--- RECORDS SUPPLIED ---
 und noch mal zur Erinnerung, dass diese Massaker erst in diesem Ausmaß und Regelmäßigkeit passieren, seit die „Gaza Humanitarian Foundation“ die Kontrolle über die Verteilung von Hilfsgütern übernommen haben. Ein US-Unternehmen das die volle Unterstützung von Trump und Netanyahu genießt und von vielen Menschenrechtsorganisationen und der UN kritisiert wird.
---
--- RECORDS SUPPLIED ---
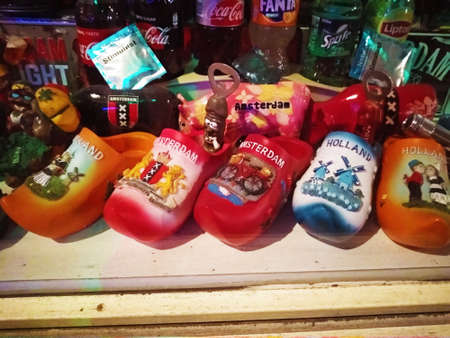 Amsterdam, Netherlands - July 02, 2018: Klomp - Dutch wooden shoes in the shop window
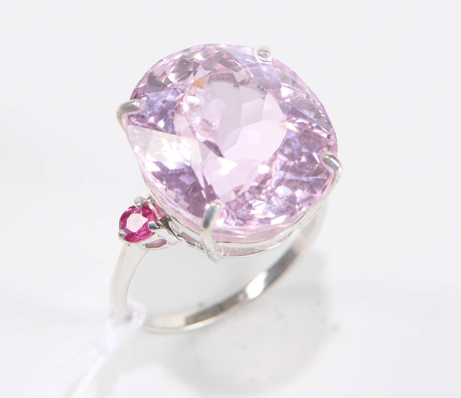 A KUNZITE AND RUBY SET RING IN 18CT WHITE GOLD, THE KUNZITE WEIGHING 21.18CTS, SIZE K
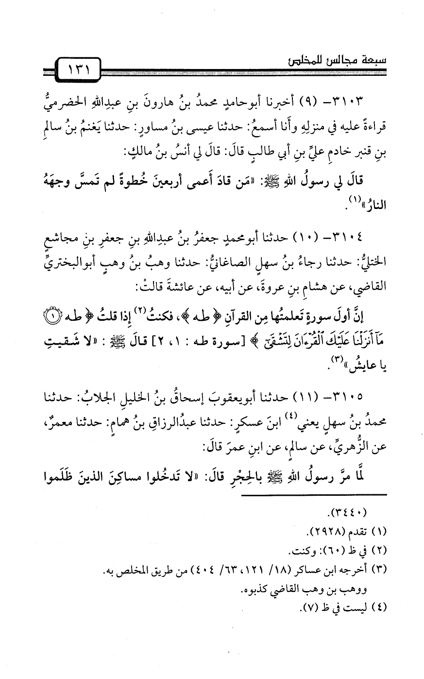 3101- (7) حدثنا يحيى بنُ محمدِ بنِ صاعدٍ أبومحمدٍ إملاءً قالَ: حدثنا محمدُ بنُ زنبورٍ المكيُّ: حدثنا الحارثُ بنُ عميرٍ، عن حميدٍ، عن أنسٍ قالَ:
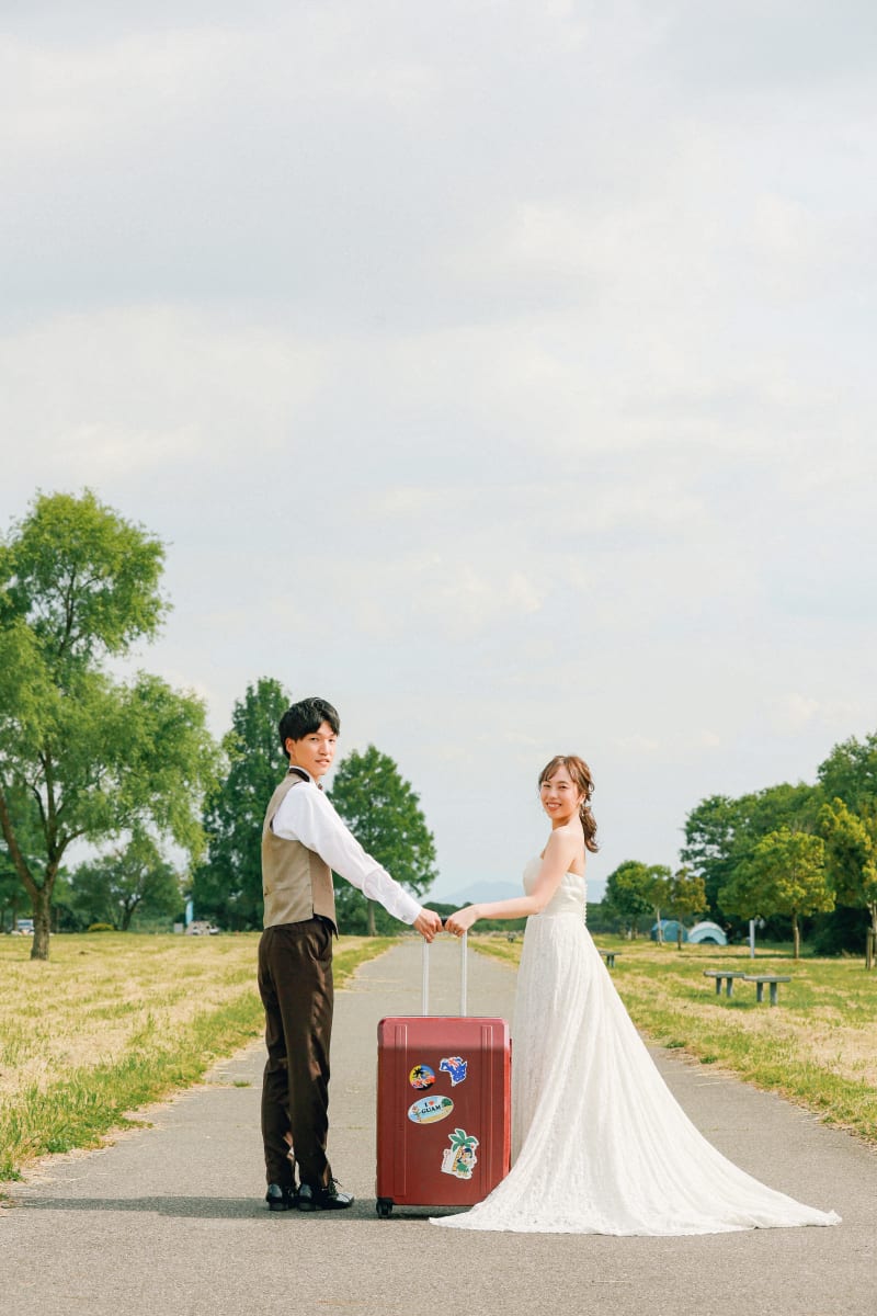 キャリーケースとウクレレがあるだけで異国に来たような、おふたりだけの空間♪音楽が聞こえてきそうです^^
---
> _EXERCISE INSTRUCTIONS_: Give exactly the lines above that run from the line with "3101- (7) حدثنا" to the line with "キャリーケースとウクレレがあ", both included, leaving every picture out.

> _RESPONSE TO THE TASK_:
 3101- (7) حدثنا يحيى بنُ محمدِ بنِ صاعدٍ أبومحمدٍ إملاءً قالَ: حدثنا محمدُ بنُ زنبورٍ المكيُّ: حدثنا الحارثُ بنُ عميرٍ، عن حميدٍ، عن أنسٍ قالَ:
 キャリーケースとウクレレがあるだけで異国に来たような、おふたりだけの空間♪音楽が聞こえてきそうです^^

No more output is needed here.